Он постепенно, но неуклонно завоевывал авторитет в своей профессии, занимал несколько должностей — лектор по сравнительный анатомии в медицинской школе при больнице Св. Марии, врач-консультант в лондонской инфекционной больнице и врач в Западной больнице. Каким-то образом Генри находил время писать вторую книгу, еще более объемную, чем первую, и приезжать в свои любимые Альпы. В 1872 году он стал профессором патологической анатомии в Университетском госпитале Лондона и одновременно открыл частную практику на Уимпол-стрит.

Ричард Гамильтон устроился на должность врача-консультанта в Королевскую больницу Эдинбурга и уехал туда в 1869 году. Его тетя умерла годом раньше, и Кэролайн вернулась под родительский кров. В дневнике нигде не говорится о том, что чувствовал Генри, лишившись двух самых близких друзей. Он пишет: «Гамильтон уехал в Эдинбург. Сегодня утром я проводил его на вокзал Кингс-Кросс и смотрел, как поезд увозит его на север». Поездам было суждено сыграть важную роль в жизни Генри, причем роль трагическую. Но если две трагедии — первая была связана с другом, а вторая с женщиной, с которой он обручился, — и заставили его отказаться от поездок по железной дороге, в записях об этом нет и намека. Несмотря на то что путешествия по железной дороге были одним из любимых занятий Генри, своей жизнью он (а я — своим существованием) обязан отказу от одной из них.

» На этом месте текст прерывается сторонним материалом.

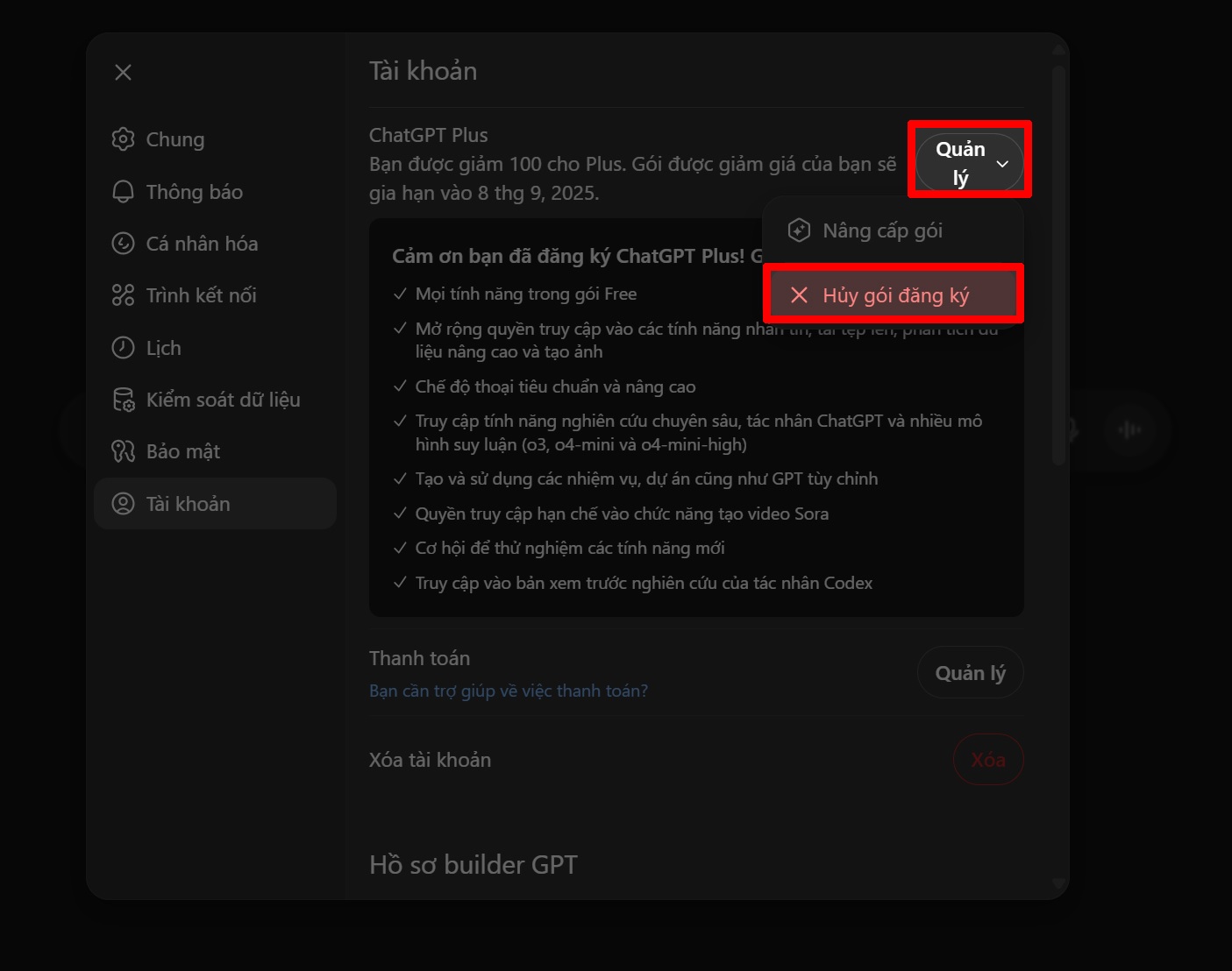 Cách hủy gói ChatGPT Plus

К тому времени, как брат Кэролайн уехал в Эдинбург, ее имя уже целый год не упоминалось в дневнике. Может быть, Генри попросил ее руки, но получил отказ? Это всего лишь предположение. У меня нет никаких оснований в него верить. Кэролайн больше ни разу не появляется в дневнике, однако Генри ведет регулярную переписку с Гамильтоном, и многие полученные от него письма аккуратно датированы и сложены в один из сундуков.